Vanatta & Halaby, P.C., Dean R. Vanatta, Ronald M. Sandgrund, Denver, for defendant-appellant.

STERNBERG, Judge.

Defendant Natalia M. Querard appeals the denial of her motion for preliminary injunction and entry of an oral order which restrained her from using the name "Sloane Gallery of Art" and ordered the delivery of certain personal property to plaintiff Mina Litinsky. We affirm in part and reverse in part.

Querard, along with her husband, John R. Querard, was co-developer of a real estate project in downtown Denver known as the Elephant Corral Office Complex. The Complex contained approximately 16 separate offices, including the Sloane Gallery of Art (Gallery), which displayed primarily Russian art and entered into consignment agreements with artists.
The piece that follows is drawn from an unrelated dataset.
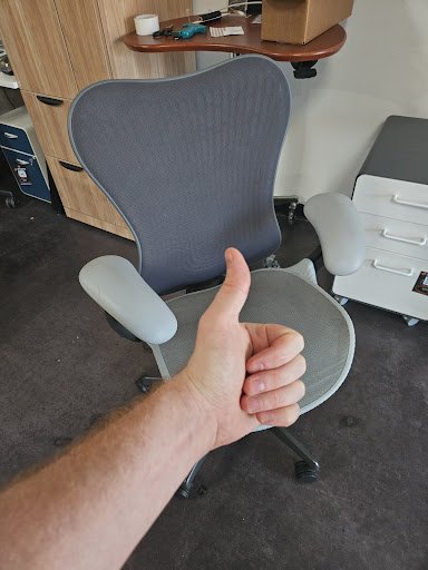 cut to my lunch break today and i find this place that sells new and used office chairs among other things. these guys have a ton of chairs in their showroom. I asked to point me to the bigger chairs for bigger dudes and they brought me a herman miller that fit my needs exactly. super happy to have come here and having sat in this brand used chair for the past 2 hours i can tell you that i notice an immediate difference in my comfort for the better. thanks again fellas, ill send my...

Litinsky was involved in the operation of this Gallery, and a central issue in this case is the nature of this involvement. Litinsky claimed she was proprietor of the Gallery and that she leased the premises on a month-to-month basis from the Querards. Querard denied this and asserts she owned the Gallery, and that Litinsky was employed as its art director.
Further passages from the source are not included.